He was roused by the sound of her
voice and the single stroke of the clock back of her.
It was one, and he could have sworn that they had
been sitting here less than fifteen minutes.
“I must go to Ben now,”
she said. “It is time to give him more
medicine.”
“I will go with you.”
“No,” she decided, “I
think I had better go alone. A stranger might
frighten him.”
He hesitated with an uneasy sense
of foreboding, but she moved past him determinedly
and went up the stairs, leaving him alone with the
haunting picture upon the wall. He moved nearer
to study it more in detail. He caught a trace
of resemblance to the boy but none to the girl.

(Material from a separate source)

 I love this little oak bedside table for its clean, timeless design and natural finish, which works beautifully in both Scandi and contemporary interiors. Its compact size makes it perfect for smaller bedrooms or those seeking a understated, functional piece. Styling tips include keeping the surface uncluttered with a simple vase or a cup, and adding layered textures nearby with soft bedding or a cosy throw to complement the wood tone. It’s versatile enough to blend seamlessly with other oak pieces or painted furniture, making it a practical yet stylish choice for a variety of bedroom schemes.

The features were more rugged than those of young
Arsdale, and the forehead was broader and higher,
but the mouth was the same thin, tense,
and yet with no strength of jaw behind it. The
cheek bones were rather high and the eyes set deep
but over-close together. It was a face, thought
Donaldson, of which great things might be expected,
but upon which nothing could be depended. The
man would move eratically but brilliantly, like those
aquatic fireworks which dart in burning angles along
the face of the water scarlet serpents shooting
to the right, the left, in their gorgeous irresponsible
course towards the dark.
As he stood there Donaldson thought
he heard the soft tread of feet in the hall and the
click of the outside door as it was opened. He
listened intently, but he heard nothing further.

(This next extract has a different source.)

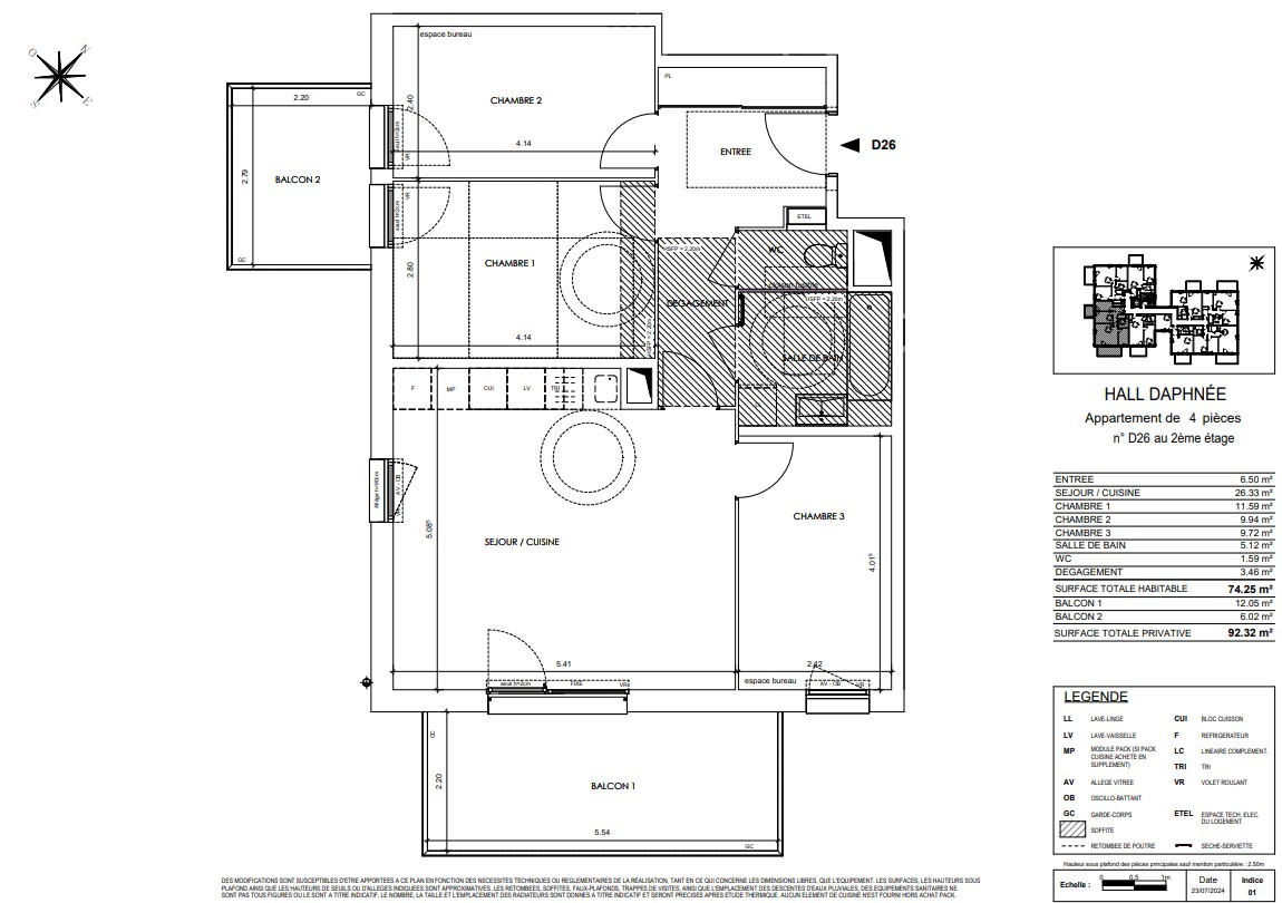 Sur la commune attractive de La Roche sur Foron, idéalement située à l'entrée du centre-ville et à proximité immédiate des commerces, appartement neuf 4 pièces de 74.25 m² au 1er étage composé d'une entrée avec placard, d'une pièce de vie de 26.33 m² donnant sur un balcon de 12.05 m², de deux chambres qui donnent sur un deuxième balcon de 6.02 m² , d'une troisième chambre, d'une salle de bain et un wc séparé. Deux garages et une cave en sous-sol sont inclus dans le prix. FRAIS DE NOTAIRE OFFERTS POUR LES PRIMO-ACCEDANTS (Photos non contractuelles). D'autres lots restent disponibles à la vente sur ce programme. Votre agence IMMO3CONCEPT vous propose + de 1000 lots à vendre dans le Genevois, Chablais, Pays Rochois, Pays de Gex et Vallée du Giffre. Contactez-nous ou consultez notre Site Internet. Copropriété de 322 lots - dont 126 lots habitation.(Pas de procédure en cours). Carine BOSSON (EI) Agent Commercial - Numéro RSAC : 884141946 - THONON-LES-BAINS.

He crossed the library and looked out. The
door was ajar. He flung it open and peered down
the driveway; there was nothing to be seen but the
dark mass of hedge bounding the yard. He went
to the foot of the stairs and listened; there was
no sound above.
The wind may have blown open the door
if it had been unlatched, and the imagined footsteps
in the hall may have been nothing but the rustling
of the hangings, but still he was not satisfied.

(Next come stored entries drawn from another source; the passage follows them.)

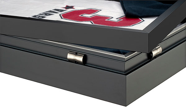 Nielsen’s front loading preassembled display case includes a garment hanging system that is so easy to use; you may find yourself changing out the jersey with the season. Place your jersey on the hanging system inside the shadow box and snap on lid. Made in the USA. Size 40 x 32 in. |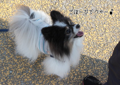 現れたパピちゃんには吠えてました。ランチの間もわんこと
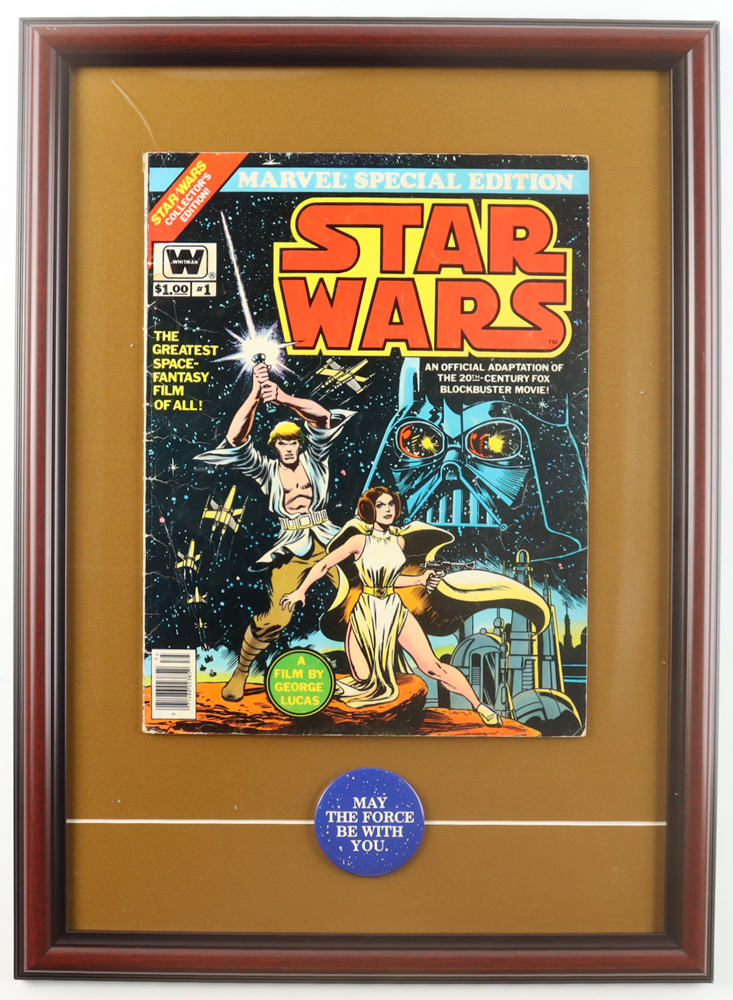 Custom frame measures approximately 16" x 22" in size and features the 1977 "Star Wars" Issue #1 Special Edition Marvel Comic Book as well as a 1977 movie release pin. Please note, the display is unsigned.

He ventured up the first flight and paused to listen.
He thought he heard a movement above, but was not
quite sure. He neither wished to intrude nor
to frighten her unnecessarily, but he called her name.
At first he received no response, and then, with
a sense of relief that made him realize how deep his
fear had been, he saw her come to the head of the
stairs. The light came only from the sick room,
so that he could not see her very clearly. She
took a step towards them, and then he noticed that
she swayed and clutched the banister. He was
at her side in three bounds.
“What is the trouble?” he demanded.
“If you will steady me a bit,” she answered.
“Are you hurt?”
“Just dazed a little. Did you stop him?”
“Stop him? Then some one did go out?”
“As I opened the door Ben rushed
by me and I fell down. I hoped you
might see him and hold him!”
“I was at the other end of the
library. He must have stolen out on tiptoe.
But you are faint.”
“I am stronger now.”
She started down the stairs with the
help of the banister, holding herself together with
remarkable self control. As they came into the
light he saw that she was very pale, but she insisted
that she needed nothing but a breath of cool air.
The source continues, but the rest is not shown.